|Publication Type||Journal Article|
|Source||Studies in health technology and informatics, Volume 143, p.248 - 257 (2009)|
|Year of Publication||2009|
|Authors||Moselle, K. A.|
|Journal||Studies in health technology and informatics|
|Selection||Hit & telehealth|
This paper responds to a commonly expressed belief, or perhaps hope, that full implementation of the electronic health record (EHR) will promote a "paradigm shift" in the delivery of health services, enhancing both service system efficiency and effectiveness in ways that would not have otherwise been possible.

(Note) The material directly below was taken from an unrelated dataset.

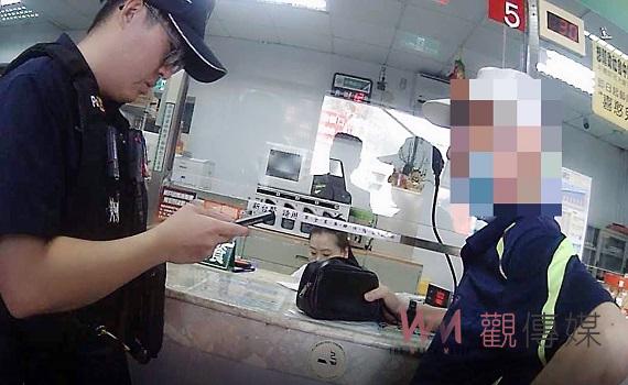 ▲警員曾冠傑到場與許姓老翁懇談,老翁表示「提款60萬元現金,是要2位孫女當錢母」堅持沒有被騙。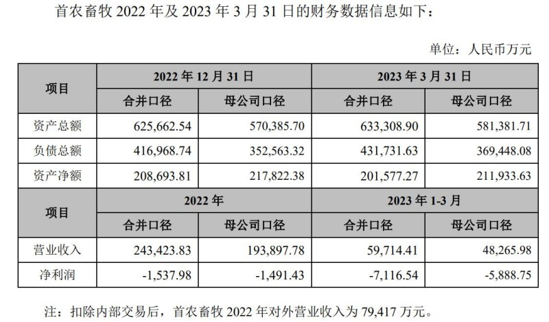不仅如此,首农畜牧的净利润(合并口径)在2020年及2021年1-5月还比较优秀,分别为2.08亿元、8043.76万元。但到了2022年,首农畜牧净亏损1537.98万元,2023年1-3月又出现了7116.54万元的巨额亏损。

A model is proposed that defines stages in the development of the EHR in terms of two sets of functional components: 1) information management tools used to support the delivery of care; and 2) decision support tools that use information drawn from the EHR to promote functional integration among the components of complex service systems. "Paradigm shift" is defined operationally within this framework in terms of evolution of the EHR through these stages. The concept of "clinical interoperability" (anchored in a semantically interoperable EHR) is elaborated upon and presented as the sine qua non for a distinctive form of paradigm change that centres on support for care delivery within any given location in the system, and on EHR-based support for client movement through the system. The Vancouver Island Health Authority/Infoway Bridges, now deployed across the full array of hospital and community-based mental health and addiction services, is an example of an EHR that leverages the semantically interoperable components of an EHR to support a paradigm shift in clinical interoperability for the mental health and addictions service system.